Similarly, the second variable, which has the categorical values of 'Male' and 'Female' is represented by two binary variables, the first encoding 'Male' and the second encoding 'Female'.

A few additional things to note:

  1. OneHotEncoder() returns a "sparse matrix" object by default, which isn't helpful unless we're using a machine learning model that can benefit from sparse matrix input. The argument sparse=False prevents this return behavior.
  2. We typically will fit an encoder to training data and use that fit to transform the test data. However, it is possible that the test data contains categories that were not present in the training data.
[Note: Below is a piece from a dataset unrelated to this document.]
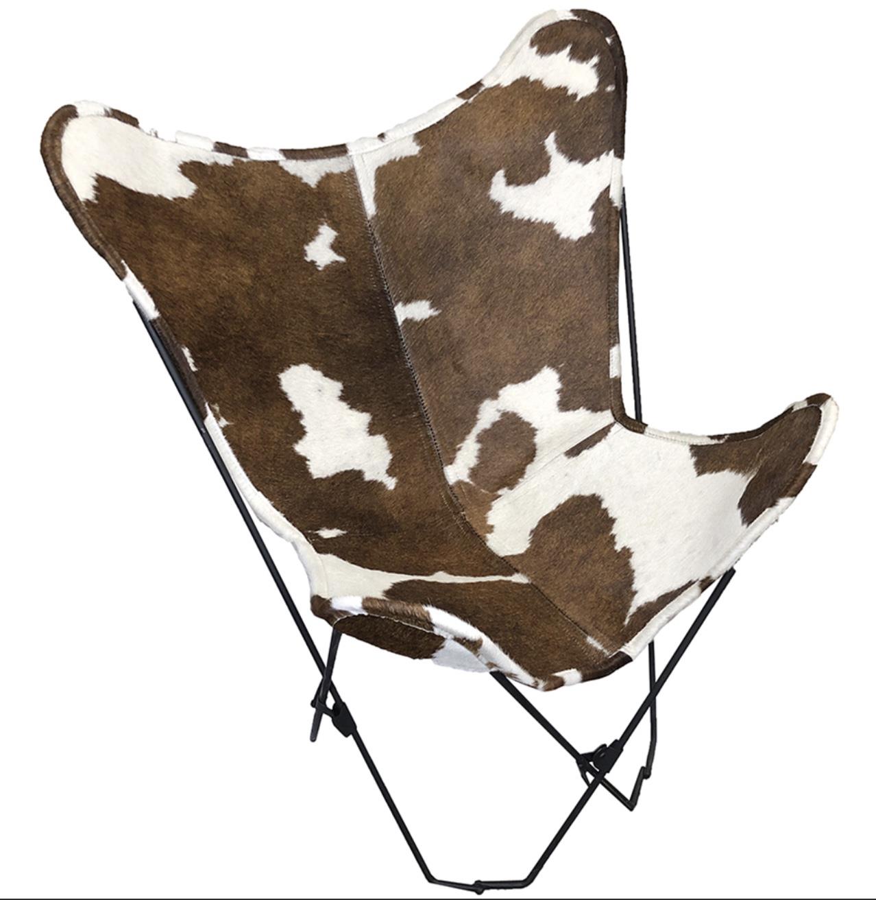 BUTTERFLY CHAIR - BROWN AND WHITE - WIDTH: 34" HEIGHT: 34" DEPTH: 32"

We can address this using the argument handle_unknown='ignore', which instructs OneHotEncoder() to ignore (not represent) any new categories that weren't present in the training data.
  3. OneHotEncoder() will treat any numeric columns you give it as categorical, which can be a major problem because numeric variables typically have lots of unique values. You should be careful to avoid one-hot encoding numeric variables.
  4. By default OneHotEncoder() will create a matrix of one-hot variables that is not full rank, a linear algebra term used to indicate every column of the matrix being linearly independent. If we wanted a representation without any dependencies we could use the argument drop = 'first' to drop the first dummy variable for each feature. You might note that this is the behavior of the model.matrix() function in R.

Question #6: Starting with your model from Question #5, incorporate one-hot encoded predictors representing the orginal variables "style", "ac", and "bsmt" in addition to the numeric predictors you were already using. You do not need to worry about re-scaling the new one-hot features as they already exist on a 0 to 1 scale. Use the same hyperparameters that were specified in Question #5 and report the performance of this new approach on the test set. Did adding these additional features improve the model's performance?